NOAA’s industrial fish farming plan threatens oceans and fishing communities

NOAA’s industrial fish farming plan threatens oceans and fishing communities

Friends of the Earth gathers more than 38,000 comments opposing floating feedlots

RALEIGH, N.C. – The National Oceanic and Atmospheric Administration will hold another listening session in Raleigh, North Carolina today to continue discussing its five-year strategic plan, which targets an increase in aquaculture production by leasing federal waterways to companies looking to build floating feedlots.

In promoting offshore aquaculture, the agency inaccurately claims that placing concentrated animal feeding operations, or CAFOs, in the ocean would solve the current seafood deficit and create jobs, while also operating sustainably. While NOAA’s plan offers a utopian vision for factory fish farming, the reality is that these facilities would destroy our wild-capture fishing industries, devastate the ocean ecosystem and give mega-corporations greater control of our food production system.

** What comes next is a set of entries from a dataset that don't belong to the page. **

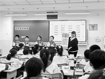 北京市東城區(qū)教育科學(xué)研究院小學(xué)語文教研員王超男在上觀摩課。學(xué)校供圖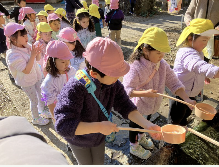 春になったら新1年生のどんぐり組さん。まず手を洗って身を清めてから、お参りをしました。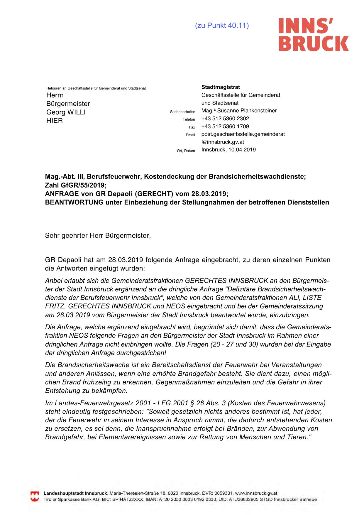 am 28.03.2019 vom Bürgermeister der Stadt Innsbruck beantwortet wurde, einzubringen.

“The rush toward industrial ocean fish farming strikes me as similar to the zeal for increasing the nation’s fishing capacity after passage of the federal Magnuson Act in 1976 that lead to overcapitalization and dire economic, social and environmental consequences,” said Susan West, a journalist, researcher specializing in issues impacting coastal communities and the wife of a commercial fisherman. “The promise of increasing aquaculture production in the United States cannot be allowed to override the importance of local fishing families and communities.”

Friends of the Earth has collected more than 38,000 signatures on a petition to NOAA calling for an end to this irrational, self-imposed mission. A growing number of North Carolinians have also spoken out opposing the industry in state-controlled waters since the 2017 under-the-radar passage of a harmful state bill to establish a permitting program for fish farms off the state’s coastline. To date, the permitting program is pending with the North Carolina Division of Marine Fisheries.

“These floating feedlots will pollute our coasts and allow large corporations to dominate and destroy the fishing industry,” said Hallie Templeton, senior oceans campaigner for Friends of the Earth. “We have seen these operations wreak havoc in other countries like Canada and Scotland. Such serious environmental, social and public health risks simply cannot be ignored.”

The listening sessions come shortly after Sen. Roger Wicker (R-Miss.) and Rep. Steven Palazzo (R-Miss) introduced the Advancing the Quality and Understanding of American Aquaculture Acts (S.3138/H.R.6966). Should either bill become law, it would establish a permitting system for industrial ocean fish farms in U.S. waters.